Friends had got there before him—Spalatin, ever faithful; Oelhafen, who had not been able to reach his place in the Diet because of the throng. Luther, with beaming face, stretched out both his hands, exclaiming, “I am through, I am through!”283 In a few minutes Spalatin was called away. He soon returned. The old Elector had summoned him only to say, “How well, father, Dr. Luther spoke this day before the Emperor and the Estates; but he is too bold for me.” The sturdy old German prince wrote to his brother John, “From what I have heard this day, I will never believe that Luther is a heretic”; and a few days later, “At this Diet, not only Annas and Caiaphas, but also Pilate and Herod, have conspired against Luther.” Frederick of Saxony was no Lutheran, like his brother John and his nephew John Frederick; and he was the better able to express what most German princes were thinking about Luther and his appearance before the [pg 293] Diet. Even Duke George was stirred to a momentary admiration; and Duke Eric of Brunswick, who had taken the papal side, could not sit down to supper without sending Luther a can of Einbecker beer from his own table.284 As for the commonalty, there was a wild uproar in the streets of Worms that night—men cursing the Spaniards and Italians, and praising Luther, who had compelled the Emperor and the prelates to hear what he had to say, and who had voiced the complaints of the Fatherland against the Roman Curia at the risk of his life. The voice of the people found utterance in a placard, which next morning was seen posted up on the street corners of the town, “Woe to the land whose king is a child.” It was the beginning of the disillusion of Germany. The people had believed that they were securing a German Emperor when, in a fit of enthusiasm, they had called upon the Electors to choose the grandson of Maximilian. They were beginning to find that they had selected a Spaniard.

§ 7. The Conferences.

Next day (April 19th) the Emperor proposed that Luther should be placed under the ban of the Empire. The Estates were not satisfied, and insisted that something should be done to effect a compromise. Luther had not been treated as they had proposed in their memorandum of the 19th February. He had been peremptorily ordered to retract. The Emperor had permitted Aleander to regulate the order of procedure on the day previous (April 18th), and the result had not been satisfactory. Even the Elector of Brandenburg and his brother, the hesitating Archbishop of Mainz, did not wish matters to remain as they were. They knew the feelings of the German people, if they were ignorant of the Emperor's diplomatic dealings with the Pope. The Emperor gave way, but told them that he would let them hear his own view of the matter. He produced a sheet of paper, and read a short statement prepared by [pg 294] himself in the French tongue—the language with which Charles was most familiar. It was the memorable declaration of his own religious position, which has been referred to already.285 Aleander reports that several of the princes became pale as death when they heard it.286 In later discussions the Emperor asserted with warmth that he would never change one iota of his declaration.

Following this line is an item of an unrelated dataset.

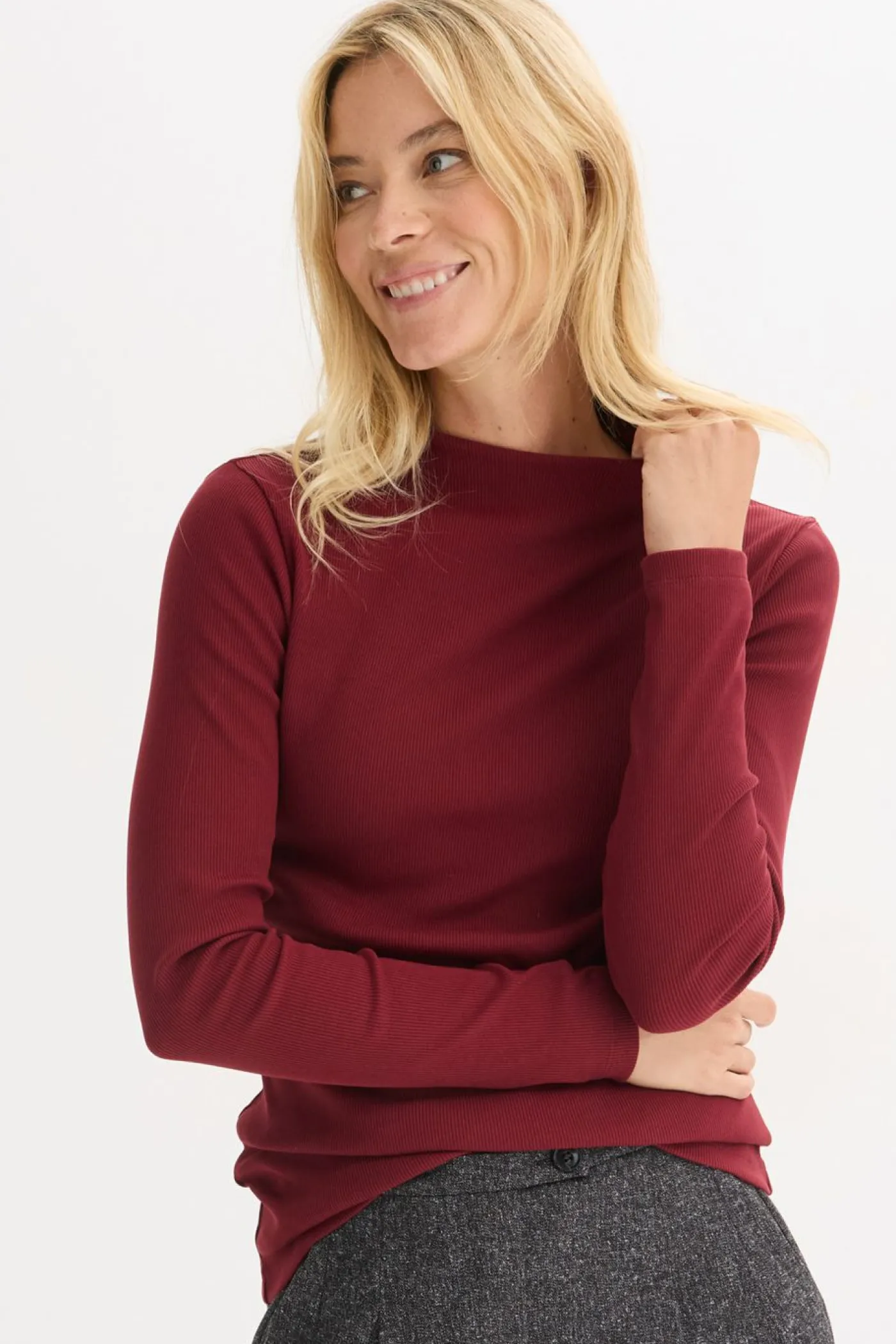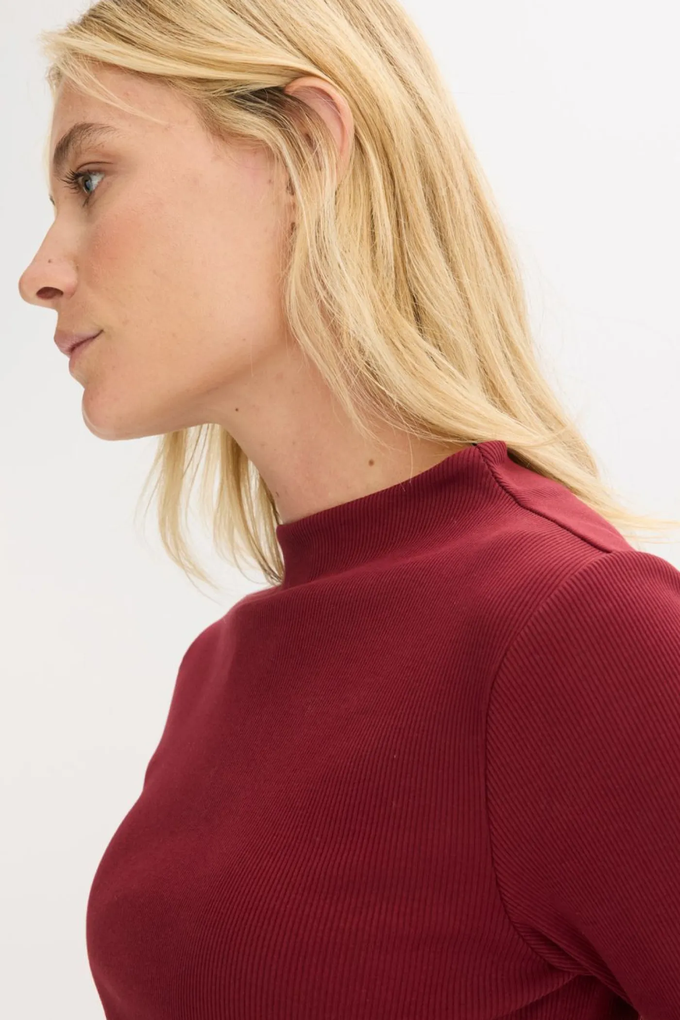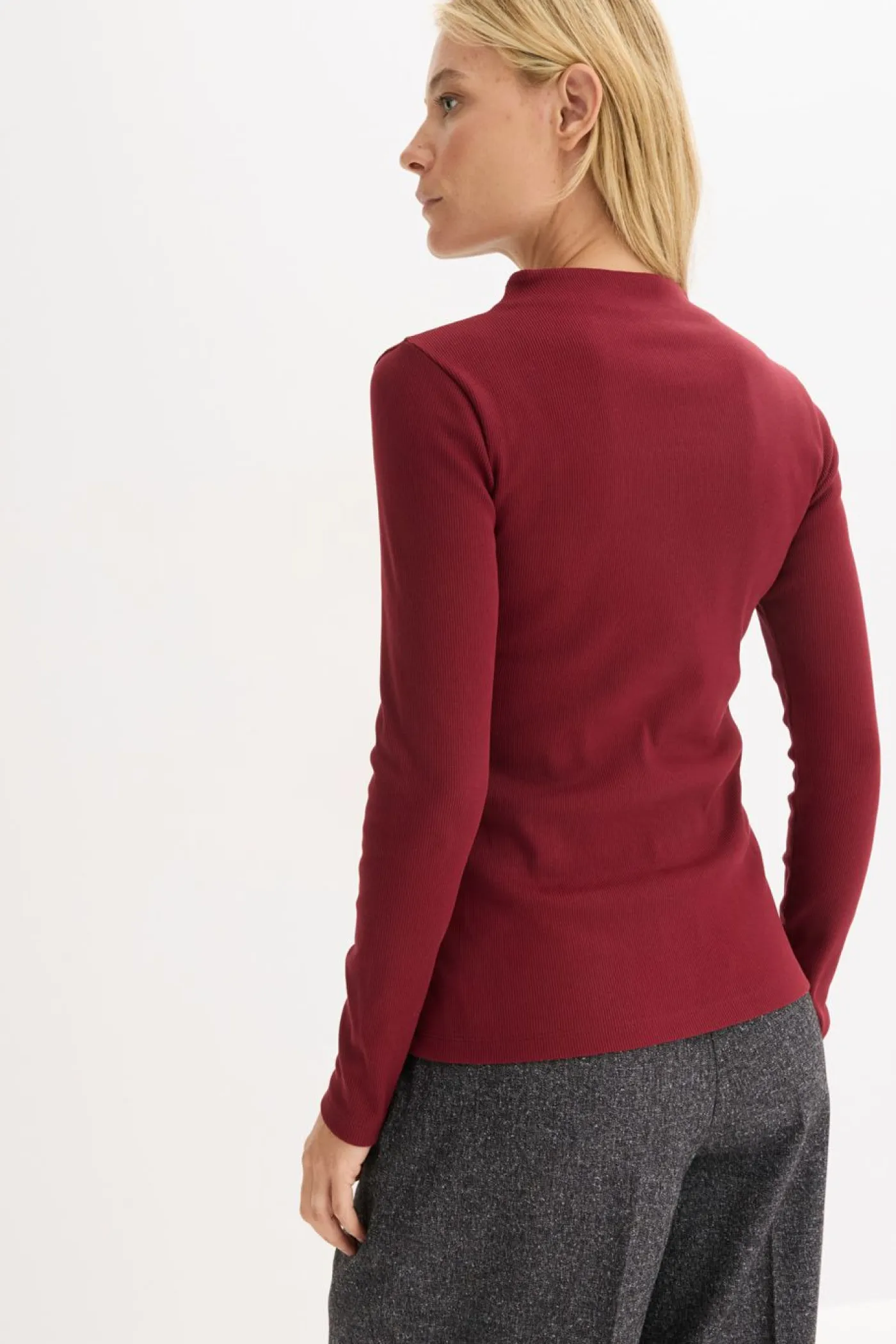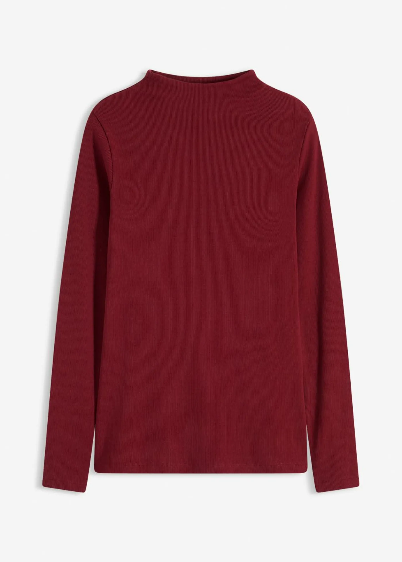 Camiseta ajustada de canalé con cuello alto y mangas largas.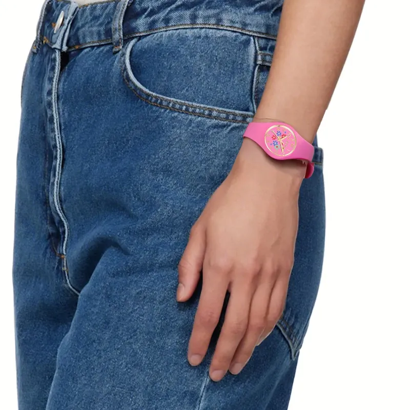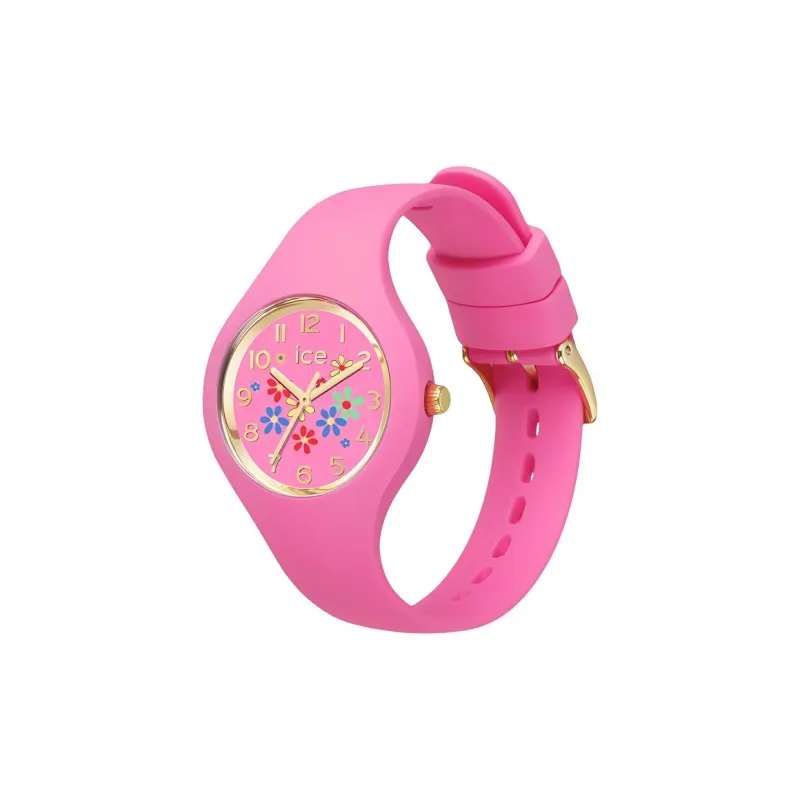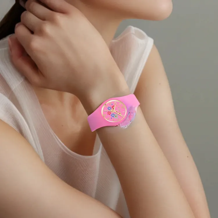 ICE WATCH Ледяной Цветочный Дизайн Pinky Bloom Наручные Часы Кварцевый Механизм Силиконовый Ремешок 28 мм Многоцветный Циферблат Часов Женские Часы

Nevertheless, the Diet appointed a Commission (April 22nd) to confer with Luther, and at its head was placed the Archbishop of Trier, who was perhaps the only one among the higher ecclesiastics of Germany whom Luther thoroughly trusted. They had several meetings with the Reformer, the first being on the 24th of April. All the members of the Commission were sincerely anxious to arrange a compromise; but after the Emperor's declaration that was impossible, as Luther himself clearly saw. No set of resolutions, however skilfully framed, could reconcile the Emperor's belief that a General Council was infallible and Luther's phrase, “a conscience bound to the Holy Scriptures.” No proposals to leave the final decision to the Emperor and the Pope, to the Emperor alone, to the Emperor and the Estates, to a future General Council (all of which were made), could patch up a compromise between two such contradictory standpoints. Compromise must fail in a fight of faiths, and that was the nature of the opposition between Charles v. and Luther throughout their lives. What divided them was no subordinate question about doctrine or ritual; it was fundamental, amounting to an entirely different conception of the whole round of religion. The moral authority of the individual conscience confronted the legal authority of an ecclesiastical assembly. In after days the monk regretted that he had not spoken out more boldly before the Diet. Shortly before his death, [pg 295] the Emperor expressed his regret that he had not burned the obstinate heretic. When the Commission had failed, Luther asked leave to reveal his whole innermost thoughts to the Archbishop of Trier, under the seal of confession, and the two had a memorable private interview. Aleander fiercely attacked the Archbishop for refusing to disclose what passed between them; but the prelate was a German bishop with a conscience, and not an unscrupulous dependant on a shameless Curia. No one knew what Luther's confession was. The Commission had to report that its efforts had proved useless. Luther was ordered to leave Worms and return to Wittenberg, without preaching on the journey; his safe conduct was to expire in twenty-one days after the 26th of April. At their expiry he was liable to be seized and put to death as a pestilent heretic. There remained only to draft and publish the edict containing the ban. The days passed, and it did not appear.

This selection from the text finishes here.